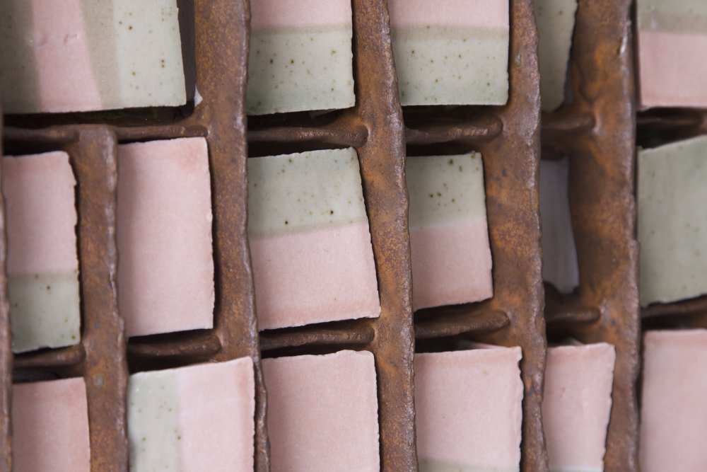 Opdelinger, stentøj og porcelæn,35x12x5cm, 2013  Opdelinger, 55x14x7 cm, stentøj og porcelæn, 2013  Opdelinger, stentøj og porcelæn, 53x18x7 cm, 2013  Netværk, stentøj og porcelæn, 33x33x6 cm, 2013  Netværk, stentøj og porcelæn, 50x40x6 cm, 2013  Netværk, stentøj og porcelæn, 40x36x6 cm, 2013  Netværk, stentøj og porcelæn, 35x21x5,5 cm, 2013  Kvadrater, 18x20x7 cm, stentøj og porcelæn, 2013  Kvadrater, stentøj og porcelæn, 22x21x11 cm, 2013  Trekanter, stentøj og porcelæn, 26x26x6 cm, 2013
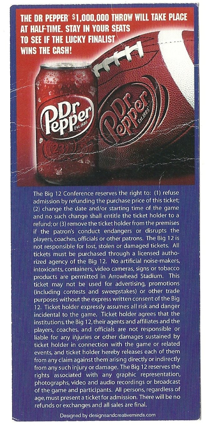 2006 Big 12 Championship Game ticket Stub Oklahoma Nebraska. This Ticket is in very good condition no rips tears writing or creasing but does have some handling wear as seen in the picture does not distract from its rarity still a rare vintage hard to find
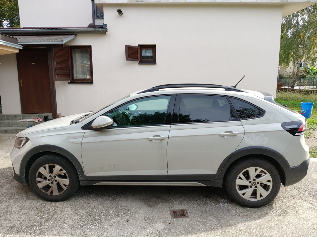 VW Taigo 1,0l Life; 81 kw (110 KS); 999 cm3; across siva nemetalik boja, prva registracija 06.03.2023., registriran do 06.03.2025.; 15700 km, garažiran, SUV coupe oblik karoserije, original čelične VW felge s zimskim gumama kao dodatak uz auto.
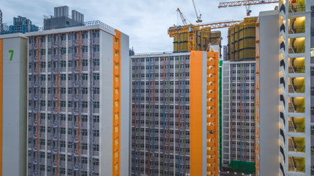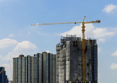 Construction site and high rise residential building in Hong Kong city
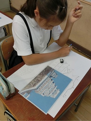 お城や神社仏閣など、自分のお気に入りを1つ選び、それを詳細まで再現し絵に描いています。
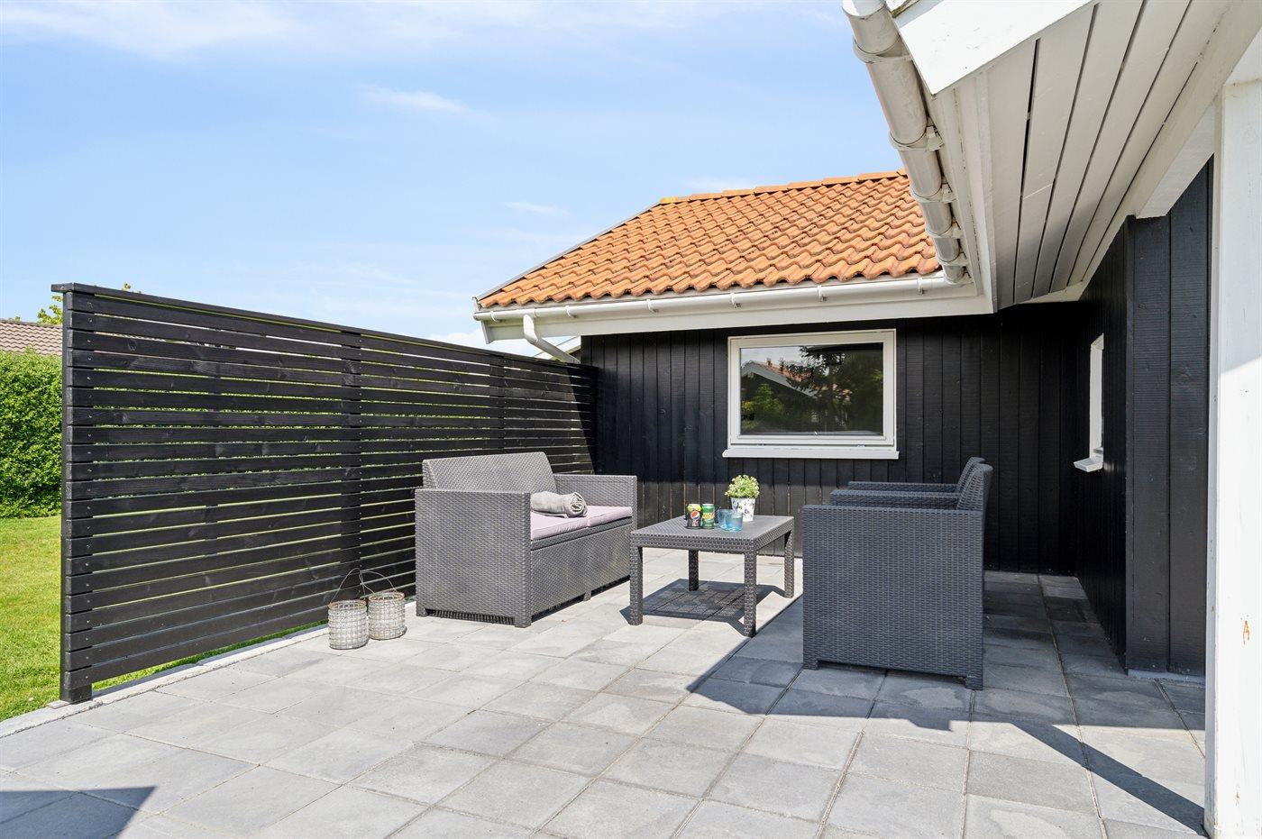 De vakantiewoning is gelegen op een 1050 m² groot aangelegde tuin. Afstand tot de zee 200 m. Dichtstbijzijnde winkel 7000 m. Bij de vakantiewoning hoort 50 m² terras.Vuurplaats. Barbecue. Parkeerplaats bij het huis.

------------------------

• WHAT IS REQUIRED: Repeat all the data as it stands, dropping any images it holds.

• WRITTEN ANSWER:
 Opdelinger, stentøj og porcelæn,35x12x5cm, 2013  Opdelinger, 55x14x7 cm, stentøj og porcelæn, 2013  Opdelinger, stentøj og porcelæn, 53x18x7 cm, 2013  Netværk, stentøj og porcelæn, 33x33x6 cm, 2013  Netværk, stentøj og porcelæn, 50x40x6 cm, 2013  Netværk, stentøj og porcelæn, 40x36x6 cm, 2013  Netværk, stentøj og porcelæn, 35x21x5,5 cm, 2013  Kvadrater, 18x20x7 cm, stentøj og porcelæn, 2013  Kvadrater, stentøj og porcelæn, 22x21x11 cm, 2013  Trekanter, stentøj og porcelæn, 26x26x6 cm, 2013
 2006 Big 12 Championship Game ticket Stub Oklahoma Nebraska. This Ticket is in very good condition no rips tears writing or creasing but does have some handling wear as seen in the picture does not distract from its rarity still a rare vintage hard to find
 VW Taigo 1,0l Life; 81 kw (110 KS); 999 cm3; across siva nemetalik boja, prva registracija 06.03.2023., registriran do 06.03.2025.; 15700 km, garažiran, SUV coupe oblik karoserije, original čelične VW felge s zimskim gumama kao dodatak uz auto.
 Construction site and high rise residential building in Hong Kong city
 お城や神社仏閣など、自分のお気に入りを1つ選び、それを詳細まで再現し絵に描いています。
 De vakantiewoning is gelegen op een 1050 m² groot aangelegde tuin. Afstand tot de zee 200 m. Dichtstbijzijnde winkel 7000 m. Bij de vakantiewoning hoort 50 m² terras.Vuurplaats. Barbecue. Parkeerplaats bij het huis.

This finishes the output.